Exercise - Somewhere below is a line with "Men's 3D Printed" and, later, a line with "此处如果使用string类型"; repeat those two lines and all the lines between them, exactly as they are.

[[ Supplied records open ]]

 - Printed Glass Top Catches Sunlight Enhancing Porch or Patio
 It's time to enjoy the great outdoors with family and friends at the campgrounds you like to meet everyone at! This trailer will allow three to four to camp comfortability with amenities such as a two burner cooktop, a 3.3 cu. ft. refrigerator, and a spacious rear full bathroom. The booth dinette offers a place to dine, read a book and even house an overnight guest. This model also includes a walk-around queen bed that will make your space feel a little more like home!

[[ Supplied records closed ]]
[[ Supplied records open ]]

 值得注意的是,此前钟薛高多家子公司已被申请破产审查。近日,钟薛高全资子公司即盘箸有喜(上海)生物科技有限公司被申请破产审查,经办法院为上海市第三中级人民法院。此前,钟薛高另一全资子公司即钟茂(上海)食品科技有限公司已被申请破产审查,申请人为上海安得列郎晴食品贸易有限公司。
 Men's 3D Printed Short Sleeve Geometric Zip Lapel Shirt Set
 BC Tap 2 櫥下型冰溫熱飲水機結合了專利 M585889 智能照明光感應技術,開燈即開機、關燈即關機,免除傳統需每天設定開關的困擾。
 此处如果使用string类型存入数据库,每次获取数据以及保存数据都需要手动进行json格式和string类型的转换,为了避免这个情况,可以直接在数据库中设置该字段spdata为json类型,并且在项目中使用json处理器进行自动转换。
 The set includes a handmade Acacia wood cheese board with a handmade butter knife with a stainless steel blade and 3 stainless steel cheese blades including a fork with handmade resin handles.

[[ Supplied records closed ]]

Output below -
 Men's 3D Printed Short Sleeve Geometric Zip Lapel Shirt Set
 BC Tap 2 櫥下型冰溫熱飲水機結合了專利 M585889 智能照明光感應技術,開燈即開機、關燈即關機,免除傳統需每天設定開關的困擾。
 此处如果使用string类型存入数据库,每次获取数据以及保存数据都需要手动进行json格式和string类型的转换,为了避免这个情况,可以直接在数据库中设置该字段spdata为json类型,并且在项目中使用json处理器进行自动转换。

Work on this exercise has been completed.